Some involve politics and governing. Major media owners are more politically powerful than major donors. When a single owner has dominant control of newspapers, radio, television and cable systems within a state or region it can affect elections. When a weapons manufacturer also owns a network, it creates an appearance of possible conflict in its war coverage.

Other issues involve the creative community. Suppose a single corporation owns movie studios, theaters, a TV network, book publishers, newspapers, and other forms of media. It can favor its movies in its theaters, make its authors guests on its TV shows, and advertise all its products in its newspapers.

Both AT&T and Time Warner are among the world’s largest corporations. Time Warner’s HBO and Cinemax programming is sold in 150 countries, its Turner programs in 200. AT&T is the largest telecommunications company in the world, also in 200 countries. Both are holding companies, conglomerates, that together own dozens of corporations. Many are known to you, like CNN, HBO, or DirectTV. Check their corporate Web pages for more.

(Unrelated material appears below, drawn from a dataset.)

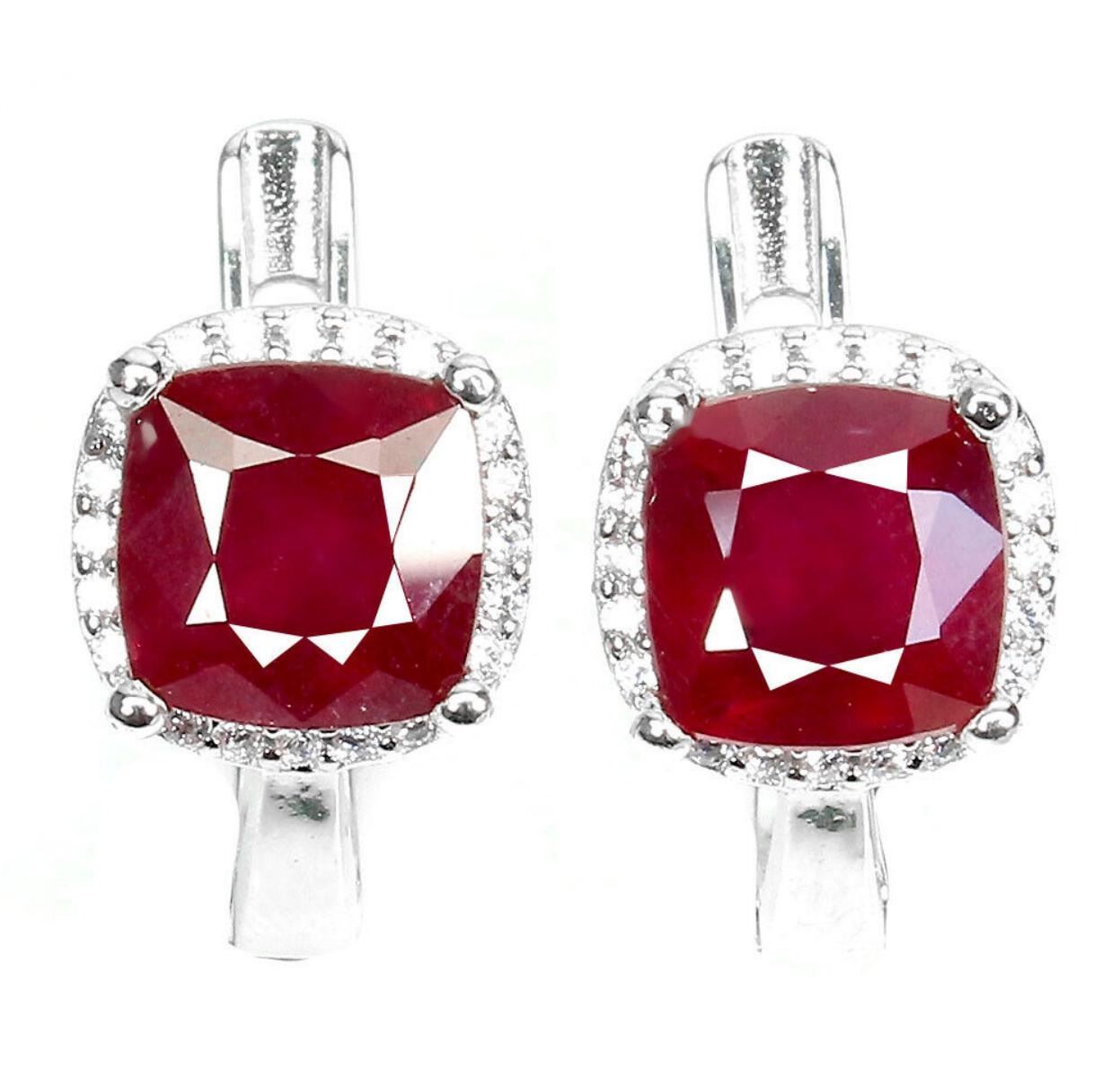 925 STERLING SILVER;PLATE-14K WHITE GOLD;MAIN STONE-RUBY;TOTAL WEIGHT-4.41 GRAM (TOTAL WEIGHT OF SILVER + STONE)DIMENSION-* STONE 7.0 MM. * CZ 1.0 MM. * FACE EARRINGS 13.0 X 9.0 MM.MAIN STONE SHAPE-CUSHION CUT;MAIN STONE COLOR-TOP BLOOD RED;TREATMENT-Yes;ORIGIN-MADAGASCAR;HARDNESS-9;

Worst of all, and what ought to absolutely preclude this merger, they will represent a gigantic combination of programming and delivery (“content and conduit”) -– the ultimate choke-hold on the distribution of a diversity of content.

The AT&T of old only provided distribution, the conduit. Everyone was entitled to a phone. And once you got one, you could send any ideas you wanted into that phone and through AT&T’s lines. Other institutions might come after you for disclosing national security secrets, fraudulent marketing, or defamation, but not AT&T.

There was a legal “right of entry” into the old AT&T network. No longer. There will be no legal rights for America’s creators of content. Nor will there be a financial incentive for AT&T to carry their content.

From any perspective, it would be outrageous for regulators to approve this merger.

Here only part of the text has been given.